Obviously part of this project is finding new ways to segment your sounds which has resulted in me following the infinite youtube/google hole (why does that sound dirty?) toward a process called Matrix Profiling. It seems relatively fresh and there is some good noob friendly papers to make it clear. In so far, I’ve been testing it with Python and R as there aren’t many simple C++ solutions out there. The basics of it are, as far as I can tell, that you take any time series and apply a sliding window across it, kinda like an FFT. It then does magical math and stats to calculate a Matrix Profile and a Matrix Index. Crudely put, these two outputs give you an indication of the normalised euclidian distance between a sequence in that window and its distance to a similar sequence elsewhere in the time series. (Note I have no formal training in maths/stats and you’re better off reading the article for a more correct and comprehensive understanding).
Papers
https://www.cs.ucr.edu/~eamonn/MatrixProfile.html <-- Good info hub but lots of info so quite overwhelming
https://www.cs.ucr.edu/~eamonn/Matrix_Profile_Tutorial_Part1.pdf <-- really good to get the gist of it.
https://www.cs.ucr.edu/~eamonn/Matrix_Profile_Tutorial_Part2.pdf <-- more
https://github.com/target/matrixprofile-ts <-- Python Code
https://franzbischoff.github.io/tsmp/ <-- R Code
My experiments
I ran some experiments on jongly.aif to see what kind of segmentation it produced. Disclaimer: these calculations took f!@#$%^ ages to do, and in some cases I only did the first 44100 or 88200 samples.
This first image is a graph depicting jongly.aif with its Matrix Profile on top. What is interesting about this is where the lowest points in the matrix profile appear, which is quite close to reasonably expected amplitude onsets. Conversely, high points indicate ‘anomalous’ patterns that are harder to find in the time series, or don’t exist at all and these seem to correspond with the stuff in between onsets. This is of course, quite relative, for example at around 16000 we have a global low point which matches up with a big transient, but later on around 30000 we have relative low points.
To me, this provides a mechanism allowing segmentation of the matrix profile itself, returning a number of regions where motifs and discords can be separated from each other.
Once you have your matrix profile there are other things you can do to make meaning of the data.

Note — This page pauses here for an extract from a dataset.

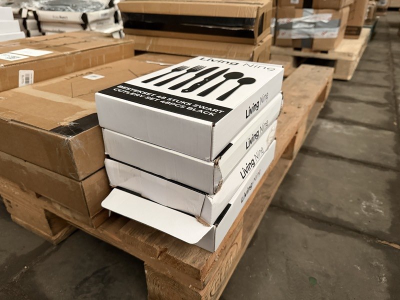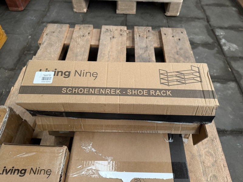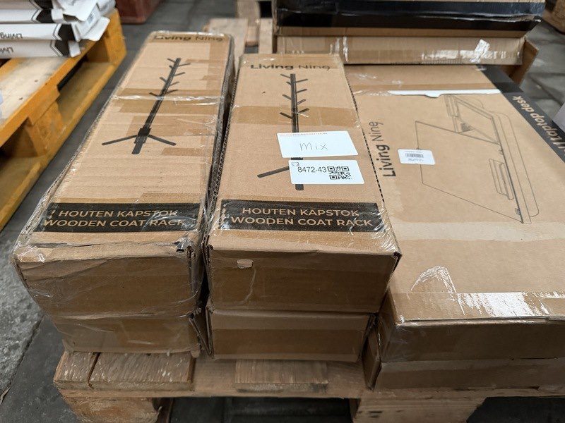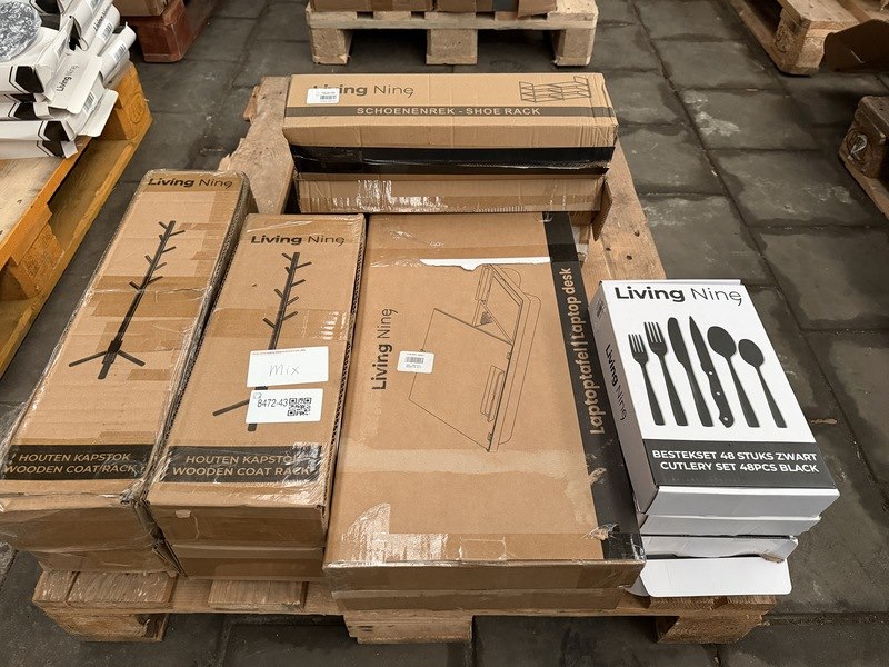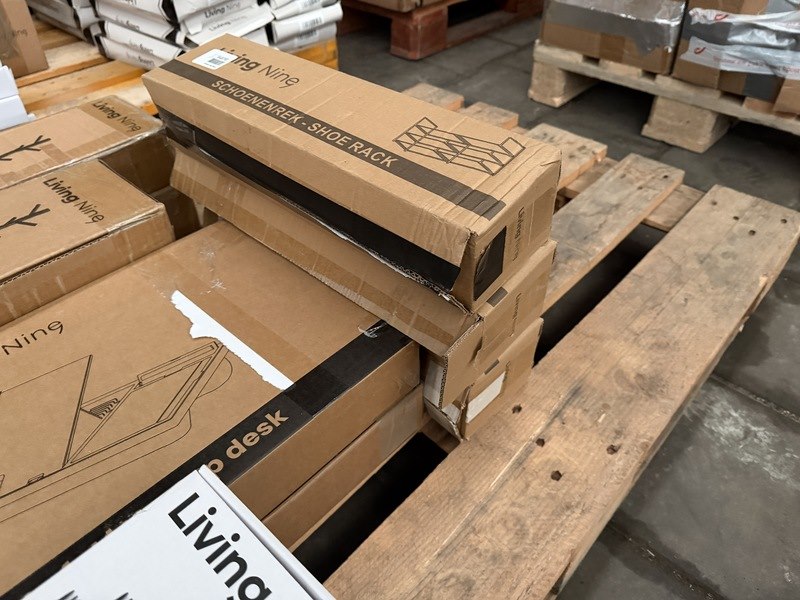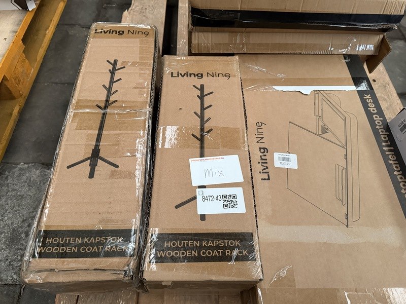 Merk: Living Nine Product: Partij besteksets, laptoptafels en kapstokken Specificaties: Nieuw, showroom modellen en demo modellen. Verpakking beschadigd.

This next image shows a process of finding motifs, although this process is a bit more black boxed and I wasn’t able to pick apart the code to figure out how it was working. To me, it seems like the sliding window I described earlier was limiting how large the motifs could be which is somewhat anti-musical if you were trying to create chunks of useful sound. I think that the start point of each motif is also not compensated for in the display, or maybe it is as some seem bang on - I don’t know.
Interesting:
- 1 parameter
- ‘fast’ <- but maybe not as fast as what DSP needs.
- The Matrix Profile that you get out of the process can be massaged into a number of different analyses (Motifs, Discords, Sub-sequences)
- Works on vectors so potent for SIMD/Multi-threaded stuff. This is demonstrated in the R implementation.
- Its an anytime algorithm (depending on which algo you run) so you can interrupt it quite early for fun subversive results. On the flip-side the longer you run it the more it will converge on a result.
Annoying/not interesting:
- To me it seems too slow to be useful on-line, but possibly usable off-line.
- The window size drastically changes your data and so you have to be quite fluent with the algorithm.
Anyway, this is just some side-fun I’ve been having and thought I would share it here as it seems aligned with the interests of others here as well as the existing toolkit.